Measure Theory + Algebra + AOC = Vitali Set

Perhaps the least intuitive concept one first encounters in the study of Abstract Measure Spaces, or even the Lebesgue Measure on $\mathbb{R}^n$, is the concept of an unmeasurable set. What the heck does this even mean? Well it really just means that there’s no good way to assign a “size” to this set. A -algebra is really just trying to answer the question: “To what can we reasonably assign some size?”. Thus, if a set isn’t in the $\sigma$-algebra, we simply mean that it does not have a well-defined size. Luckily the Lebesgue measure does a pretty darn good job at handling any reasonable set that one would encounter in the wild.

In fact, to find an example of a set that is not measurable, we have to be quite clever and artificial; we even have to invoke the Axiom of Choice. Many of the constructions of the archetypical unmeasurable set, the Vitali Set, seem rather opaque at first glance. However, one construction, in my opinion, trumps all the others in both intuition and elegance.

Using simple algebra and the axiom of choice, we can construct our exotic set. So, on that note, let us begin. Let $\mathfrak{M} (\mu)$ be the set of Lebesgue-Measurable Sets in $\mathbb{R}^n$.

Construction of the Vitali Set:

Assume that every group below is equipped with standard addition. ($\coprod$ represents a disjoint union)

Begin with the quotient group $\mathbb{R} / \mathbb{Z} \simeq [0,1)$ Since $\mathbb{R} / \mathbb{Z}$ is abelian and $\mathbb{Q} / \mathbb{Z}$ is a subgroup it is a normal subgroup.
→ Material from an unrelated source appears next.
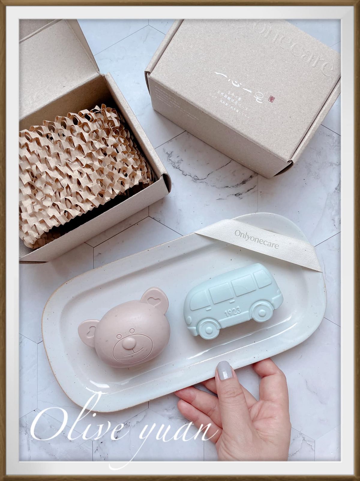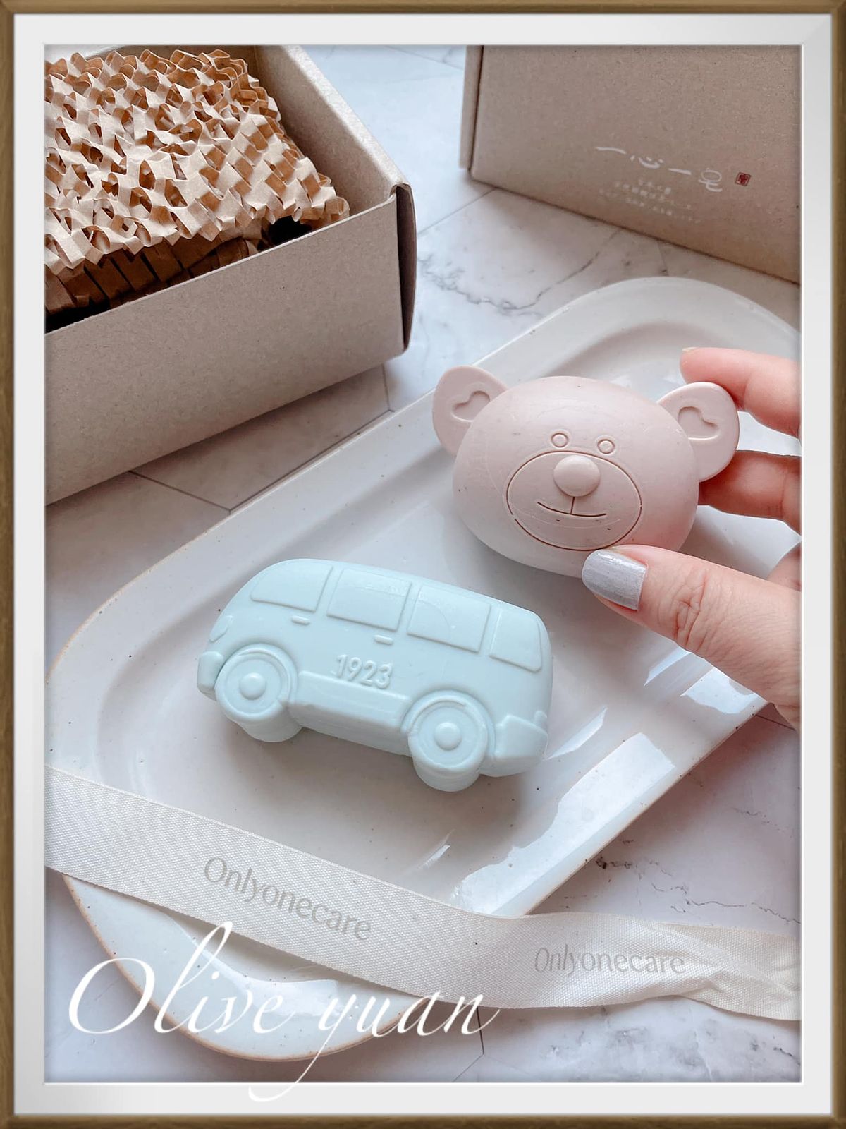 而且它們可愛得要命啦!這我“暫時”真的洗不下去!而且紙包裝還沒打開就聞到舒服的香氛撲鼻!打開包裝更是被可愛造型嚇一跳!而且不止車車跟熊熊,還有不同顏色的可愛星星,都有禮盒包裝喔!

Consider the group
$(\mathbb{R} / \mathbb{Z})/(\mathbb{Q} / \mathbb{Z}) := \{ r+ (\mathbb{Q}/ \mathbb{Z}) : r \in \mathbb{R} / \mathbb{Z} \},$

i.e. the set of all cosets of the group. By the Axiom of Choice, there exists a set $P$ such that, for each $p \in \mathbb{R} / \mathbb{Z}$, $|p \cap (r + \mathbb{Q} / \mathbb{Z})| = 1,$ that is, we may pick a single representative from each coset. Moreover, given an enumeration of $\mathbb{Q}$,
$[0,1) = \coprod \limits_{q_i \in \mathbb{Q}} P + q_i$

where $(P+q_i) \cap (P+q_j)$ are disjoint since if not, we would have two representatives in the same equivalence class. Also, $\mu(P+q_i) = \mu(P+q_j)$. If $\mu(P+q_i)>0$, then $\mu ([0,1)) = \mu ( \coprod \limits_{q_i \in \mathbb{Q}} P + q_i ) = \sum \limits_{q_i \in \mathbb{Q}} \mu(P+q_i) = \infty.$ If not, it is $0$. Either way, $\mu([0,1)) \neq 0 \neq \infty$. Thus, $P \notin \mathfrak{M}(\mu)$.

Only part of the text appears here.